Die Menschen spazierten, feierten und freuten sich unbändig ob der lauen und lauten Sommernacht. Und ich mit. Wäre Israel ein nur von Krisen geschütteltes Land, das sich permanent kurz vor oder nach einer Katastrophe befände, ich wäre längst nicht mehr hier. Doch ich bin es noch – und wie es aussieht, werde ich es wohl bleiben. Nicht nur, aber auch wegen der Laila Lawan.

19. Jun. 2015
15:22

Im Louvre unerwünscht!

Musée du Louvre in Paris
© Flash 90

Mit 18 lebte ich ein Jahr lang in Israel. Mein deutscher Pass war voller Stempel und Visa des jüdischen Staates. Damit machte ich Ferien am südlichen Zipfel von Spanien. Nach Marokko war es von hier aus nur ein Katzensprung. Voller Abenteuerlust wollten mein damaliger Freund und ich einen Abstecher in das nordafrikanische Land machen. Als Südamerikaner brauchte er allerdings ein Visum. Da seine Eltern in Tel Aviv lebten, waren auch seine Papiere mit Israel-Stempeln übersät.

»Kein Problem«, sagte man uns in der Touristeninformation, »das marokkanische Konsulat stellt sofort ein Besuchervisum aus«. Doch genau das tat es nicht. Nachdem unsere Pässe akribisch untersucht worden waren, schickte man uns mit fadenscheinigen Argumenten wieder fort. Andere Argentinier in der Schlage bekamen problemlos eine Einreiseerlaubnis.

Obwohl dieses Erlebnis viele Jahre her ist, weiß ich noch genau, wie schlecht ich mich ob der ungerechten Behandlung gefühlt habe. Wie wütend und hilflos mich dieser offensichtliche Antisemitismus gemacht hat.

Nun sitze ich in meinem Haus in Tel Aviv, und ähnliche Gefühle brodeln wieder in mir hoch. Die Meldung ist nicht groß, doch mir ist sie sofort ins Auge gefallen: »Studenten der Universität Tel Aviv im Louvre nicht erwünscht«.

Professor Sefy Hendler aus dem Geschichtsbereich der Uni hatte vor, mit zwölf Studenten nach Paris zu reisen, um Kultur-Highlights zu besuchen. Er buchte eine Tour im Louvre und eine in Sainte-Chapelle. Doch weder das weltberühmte Museum noch die gotische Kirche hätten etwas frei, ließ man ihn wissen. Auch Alternativtermine, die der Professor anbot, brachten ihm kein Glück.

Hendler wurde misstrauisch und fragte noch einmal beim Louvre für dieselben Termine nach. Dieses Mal allerdings gab er sich als Leiter einer italienischen und danach einer saudi-arabischen Studentengruppe aus. Und siehe da – für beide standen problemlos Plätze zur Verfügung.

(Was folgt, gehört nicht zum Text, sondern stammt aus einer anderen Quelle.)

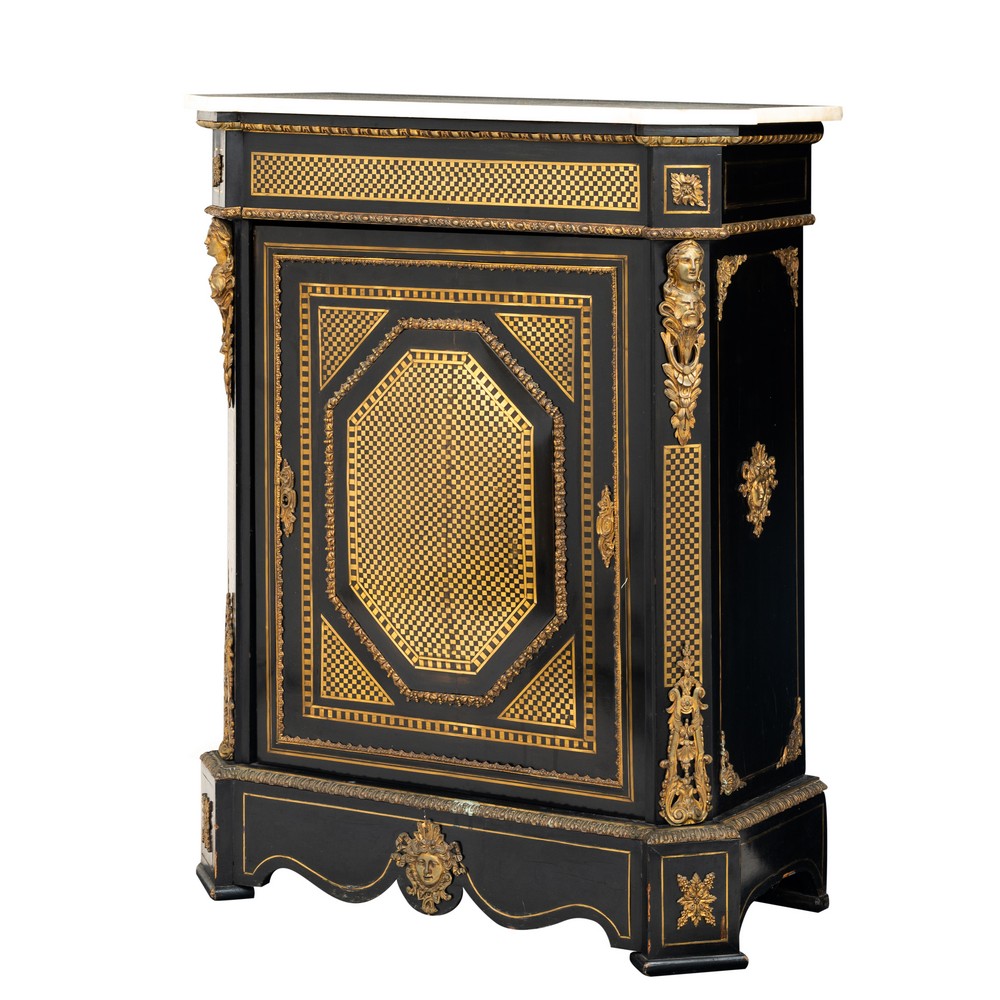 Credenza Napoleone III ad un'anta in legno ebanizzato, tarsie in rame e guarnita da bronzi dorati.

Der israelische Professor war zutiefst geschockt und kurz davor, die Reise abzusagen. Doch stattdessen wandte er sich an französische Freunde der Universität und die Behörden in Paris. Die untersuchen nun, ob es sich bei dem Vorfall um antisemitische Diskriminierung gehandelt habe.

Der Louvre dementierte das sofort und erklärte, man habe ein computergesteuertes Reservierungssystem, das ganz sicher nicht diskriminieren würde. In Sainte-Chapelle würden zwar Menschen die Termine vergeben, doch auch dort sei es schlicht ein Versehen und keine böse Absicht gewesen, hieß es. Professor Hendler will das nicht akzeptieren.

Und ich auch nicht. Zu groß scheint mir der Zufall, dass zwei französische Kulturinstitutionen gleichzeitig Israelis – und ausschließlich Israelis – einen Besuch verweigern. Allerdings würde ich die Erklärung liebend gern glauben. Denn ich kann damit leben, nicht nach Marokko zu reisen. Aber Paris ist wie meine dritte Heimat, ich fühle mich wunderbar in der Stadt, liebe das Flair, die Boulevards und unermesslichen Kunstschätze.

Ich sollte jetzt wohl sagen, dass ich auf alle, die mich nicht wollen, pfeife, dass sie mich mal ... können. Aber da ist auf einmal dieses Gefühl in meiner Magengegend. Und leider ist die Trauer viel stärker als der Trotz.